The son of a district judge from Meseritz passed the Abitur at the Friedrich-Wilhelm-Gymnasium in Posen in 1854 and wanted to study law in Bonn. He passed the legal trainee examination in 1859 and the great state law examination in 1861. He was then used as a court assessor at the Poznan Court of Appeal. In 1864 he was appointed district judge in Samter and then transferred to Schroda . In 1871 he was promoted to district judge. In 1875 he came to the Berlin City Court as a city judge. With the Reich Justice Laws he traded as District Court Counselor at the District Court of Berlin I. He was appointed Chamber Court Counselor in 1881. In 1885 he came to the Prussian Ministry of Justice and was appointed to the Privy Councilor of Justice and Lecturing Council. At the same time he became a member of the Judicial Examination Commission. In 1889 he was appointed as a secret senior judicial councilor. In 1890 he managed to become a member of the 2nd BGB Commission and received the report on property law.
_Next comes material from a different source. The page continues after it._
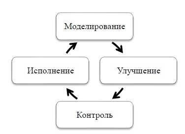 ELMA BPM – наиболее популярная BPM-система в России. В течение 10 лет этот программный инструмент позволил измениться более 1000 компаний из различных отраслей: банковская сфера, ИТ-компании, ритейлинг, ЖКХ и многие другие. ELMA BPM – отечественное ПО, направленное на развитие процессного подхода, согласно которому стратегические цели и задачи организации осуществляются на основе моделирования, выполнения, контроля и непрерывной модернизации исполняемых процессов. На рисунке 1 изображена схема работы организации, работающей на процессном подходе, при использовании ELMA BPM. Нотация, используемая в исследуемом ПО – BPMN.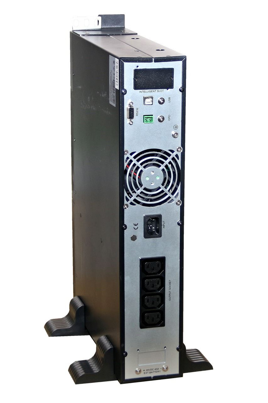 Online záložný zdroj EA901PRT so sínusovým výstupom. Rozmerovo navrhnutý pre serverové aplikácie (montáž do 19" racku). Súčasťou balenia sú plastové podstavce na vertikálne umiestnenie. 3 ovládacie tlačidlá a informačný displej na prednom paneli.

After Hanauer's death in 1893 he became chairman of the commission and in 1894 was given the appropriate title Real Secret Higher Justice Councilor. After the work was completed in 1896, he was appointed President of the Marienwerder Higher Regional Court. He did not take the position because he was in charge of drafting the Prussian implementing laws for the BGB in the Prussian Ministry of Justice. In 1900 he remained permanently in the ministry when he was appointed Undersecretary of State. In 1902 he was awarded the title of Excellence. From 1903 to 1914 he was also president of the Disciplinary Court for non-judicial officials. On the occasion of his retirement on June 1, 1913, he was awarded diamonds for the Order of the Red Eagle with Oak Leaves . He was co-editor of Julius Albert Gruchot's “Contributions to the Explanation of German Law” and held honorary doctorates from the Universities of Halle and Königsberg.

His son Georg Küntzel (1870–1945) was a historian and rector in Frankfurt am Main.

literature

  • "Personnel changes in the Prussian judicial administration" , Deutsche Juristen-Zeitung, year 18 (1913), column 573
  • Werner Schubert : Materials on the history of the creation of the BGB: Einf., Biographies, materials. Berlin, New York 1978, p. 102f.

Individual evidence

  1. ^ About the speeches of Thucydides / Schulnachrichten, Posen 1854, p. 61.